Key Takeaways
- China appears to be the closest among major banking jurisdictions– both regionally and globally--where CBDCs could get real.
- While at a nascent stage of development for many banking systems in Asia-Pacific, CBDCs are evolving swiftly with potential far-reaching implications to the future of banking.
- A model that undermined banks' core roles as financial intermediaries would be negative for the ratings in the sector; at this stage, we don't expect central banks will go this route.
Could central bank digital currencies (CBDCs) revolutionize, modernize, and democratize the future of banking? Maybe, but the road to revolution will be winding. S&P Global Ratings expects most central banks, including those in Asia-Pacific, will start cautiously, should they decide to offer central bank digital payment options. We don't believe monetary authorities will rush into pathways that drive banks off-road.
In our view, central banks will likely lean toward a model where banks and other financial intermediaries continue to play a strong intermediation role, rather than one managed by the central banks themselves. Depending on the direction that public authorities take, however, and the direction which the technology allows, CBDCs could have a profound effect on banks' business models. While too early to tell, their evolution may yet change our view of competitive dynamics on the banking landscape or our view of individual banks' business positions or other rating factors.
China is leading from the front. The country already began pilot trials for its retail CBDC in 2020, and is better-progressed compared with other jurisdictions in Asia-Pacific. Just last month, the People's Bank of China (PBOC) outlawed all crypto-related activities. In part, we believe this measure to thwart cryptocurrencies is likely to facilitate a smoother pathway for the proposed launch of the digital renminbi in China.

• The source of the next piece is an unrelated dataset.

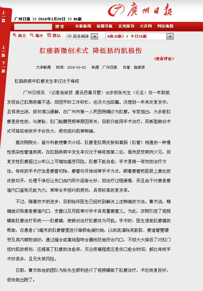 《广州日报》:肛瘘新微创术式 降低括约肌损伤 2016年3月20日B6版

We don't see signs yet that other major central banks in the region will follow this move which, in China's case, was preceded by a number of public warnings against digital tokens.

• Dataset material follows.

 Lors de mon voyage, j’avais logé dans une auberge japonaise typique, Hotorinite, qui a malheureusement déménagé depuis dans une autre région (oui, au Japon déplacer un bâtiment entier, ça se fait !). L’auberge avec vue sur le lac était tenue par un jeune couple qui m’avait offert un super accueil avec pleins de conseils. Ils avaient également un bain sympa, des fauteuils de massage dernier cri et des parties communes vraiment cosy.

In this evolving phase, the future credit impact on Asia-Pacific banks seems to hinge upon the design and end objective that central banks are chasing. Transition to reality for central banks is a work-in-progress. Some tough choices are on the cards for central banks as models evolve.
CBDC Models Face Diverse Driving Forces
The underlying architecture or design of CBDCs will depend mainly on the function that central banks aim to achieve. Outside of Asia-Pacific, for example, Sweden observed a persistent decline in use of banknotes and coins and increases in digital forms of payments. By way of response, the Swedish central bank aims to offer e-krona to the general public since many households and companies have begun to no longer accept cash as a means of payment
In Asia-Pacific developed markets, approaches are diverse and well-progressed. In tech-hub Singapore, the monetary authority recently concluded its five-year digital currency project. Collaborations abound elsewhere including in separate multi-country projects in Japan and Hong Kong, and in Australia, where the central bank is partnering with two major Australian banks and the U.S. developer of the Ethereum blockchain.

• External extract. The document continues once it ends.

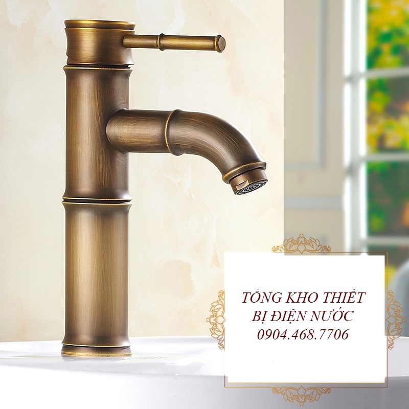 Vòi lavabo chậu rửa mặt nóng lạnh thân đồng cổ cây trúc cao cấp SNL20 tặng đôi dây cấp inox

In many emerging market banking sectors in Asia-Pacific, cash in circulation continues to be high despite the rise in digital payments. This is due in part to these markets, including China and India, housing a large chunk of the world's underbanked population. We believe central banks in the region's emerging markets may tend toward a model that assists in providing inclusive access to the underbanked or unbanked population. The model and technology employed will also need to consider hindrances, however, such as low internet and mobile phone penetration and potential power outages. This could pose challenges for expansion, especially in rural areas.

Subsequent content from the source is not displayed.